Love in La La Land never seems to last, but you would think couples like Brad and Angelina and Channing and Jenna would’ve been together forever since these Hollywood romances were legit #couplegoals. So maybe dating the person who seems absolutely perfect for you isn’t a recipe for long-lasting romance? Odd couples seem to be where it’s at these days, and honestly, we’re kind of into it. Not just because we’re happy for them, but because we live for celebrity gossip we do not see coming. Check out some of these weird celebrity couples and why they actually work. Maybe there is hope for you and Zac Efron after all.
1. Ariana Grande and Pete Davidson
Ariana Grande and Pete Davidson are without a doubt the weirdest couple to break headlines this year. The SNL star and his ex-girlfriend Cazzie David seemed like a match made in comedy heaven since her dad, Larry David, created and wrote Seinfeld and Curb Your Enthusiasm, which are the funniest shows of all time (according to your dad). However, Pete confirmed their recent split. At the same time, Ariana Grande and her rapper beau Mac Miller broke up as well, citing that they’re “better off as friends.” In other words, some shit went down and they definitely do not want to see or speak ever again because “better off as friends” is the most bullshit excuse of all time for a breakup. So it only took a hot minute for Ariana and Pete to rebound with each other, and the internet was collectively all, “What the actual fuck?” Ariana Grande seems to take herself super seriously, so it would be surprising if she was chill with Pete using her antics as material for his stand-up routine. She’s used to guys bowing at her feet.
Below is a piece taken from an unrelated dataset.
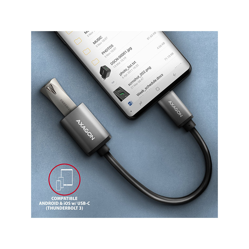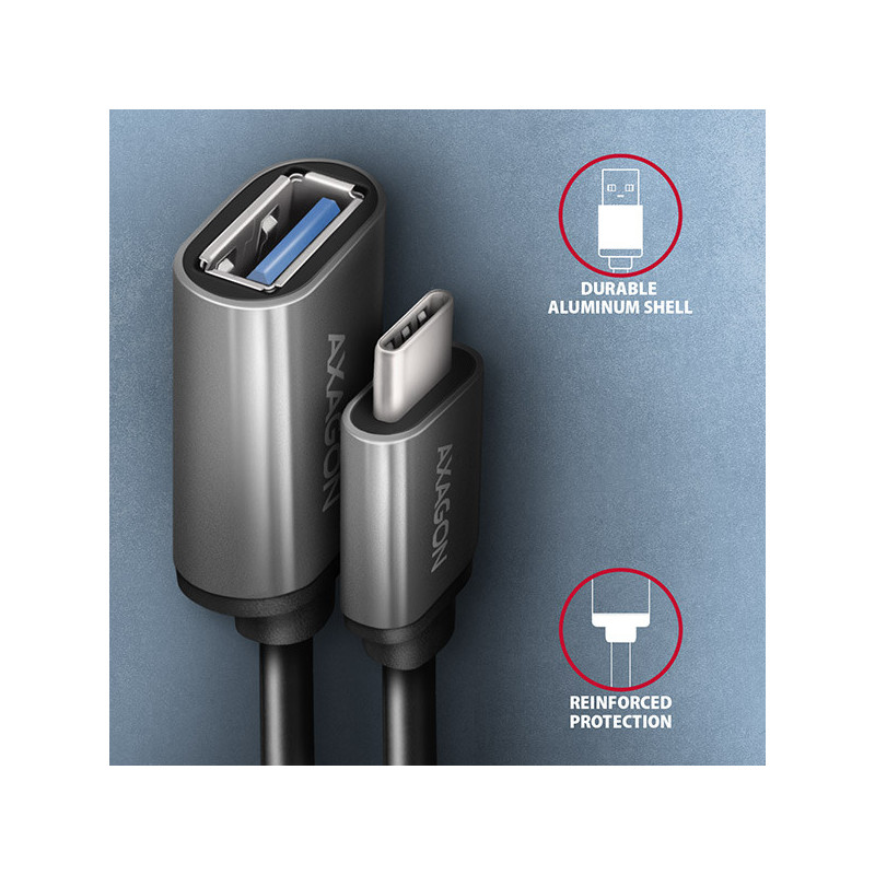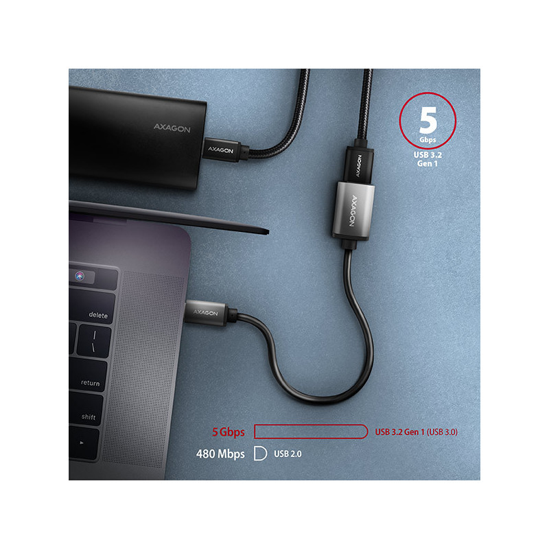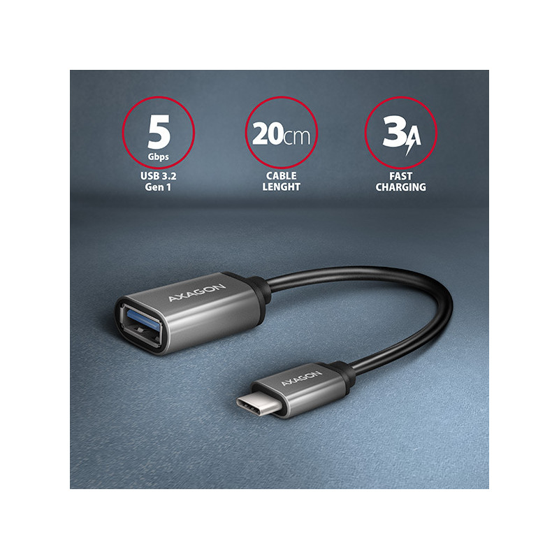 Kabelová redukce USB-C <-> USB-A AXAGON RUCM-AFAC připojí stávající zařízení s USB-A konektorem k novému zařízení s moderním USB-C rozhraním. Redukce je navržena pro rychlé připojení USB hubu nebo externího disku k notebookům vybaveným pouze USB-C konektory. Výborně poslouží také pro připojení flash disku k mobilnímu telefonu s USB-C konektorem. Podporuje přenos dat rychlostí až 5 Gb/s a napájení proudem až 3A.
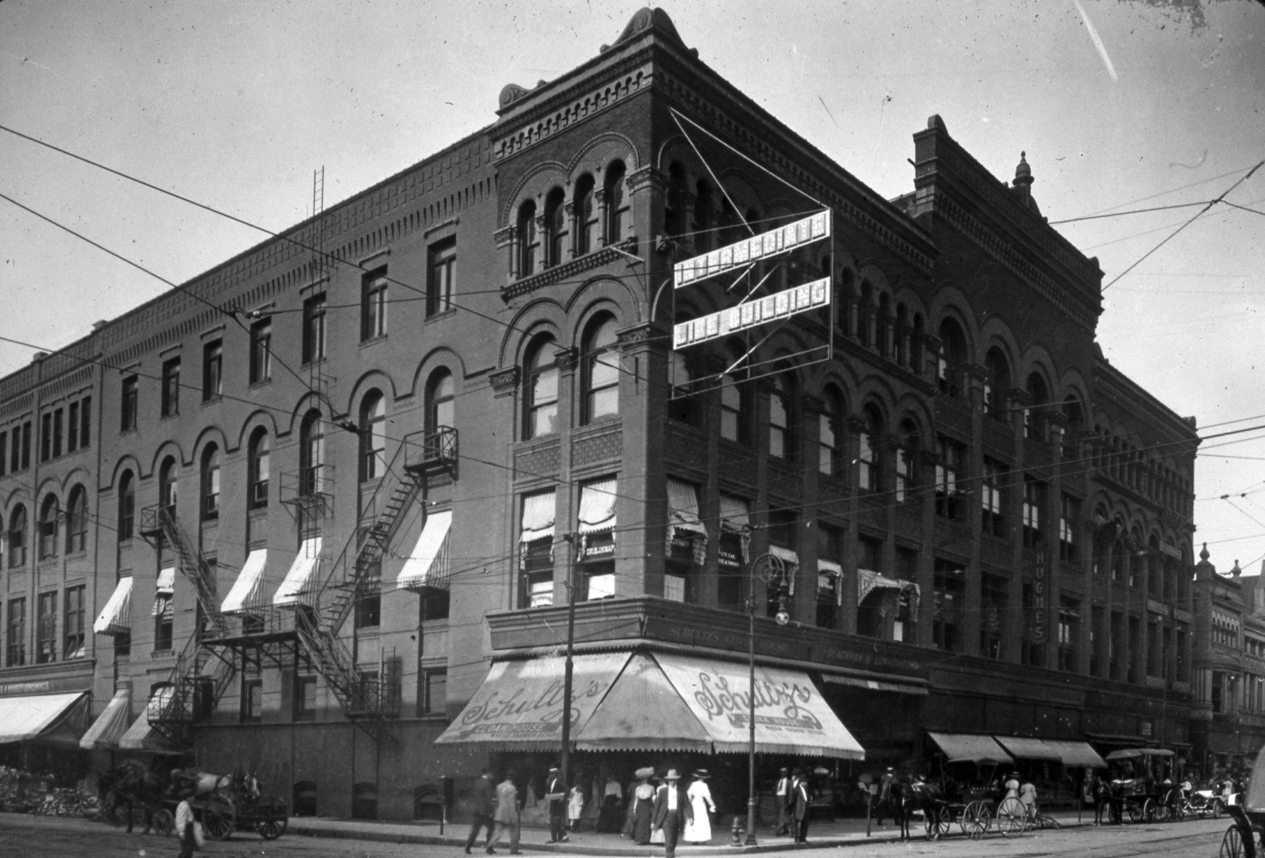 Intermediate Life/Hughes Building/Eichel Block at 300 Main St. which was built in 1892, with part of the foundation from the 1852 courthouse that stood nearby. A number of different businesses occupied a portion of this space over the years. The structure was damaged by the fire in the Economy Store in 1951 (which destroyed a large portion of this block) and that portion torn down. The building was razed in 1984. Here one of the tenants is Schultz's Cloak House.

I mean, how can you forget that time Big Sean rapped that Ariana was “a million dollar chick with a billion dollar pussy?” And it’s equally as surprising to think that Ariana could write “Side to Side: Part 2” about someone like…Pete Davidson. But you know what? They may be different, but they’re complementary. Ariana Grande is so self-involved that her entire Instagram is pictures of her Blue Steeling for the camera on her own, and Pete could probably teach her to lighten up and stop being so narcissistic. He already had her shake things up with their oh-so-adorable Harry Potter couple pic. Also, Ariana’s impressions put every SNL cast member to shame, so she could definitely give Pete some tips on how to do a convincing Jennifer Lawrence impression.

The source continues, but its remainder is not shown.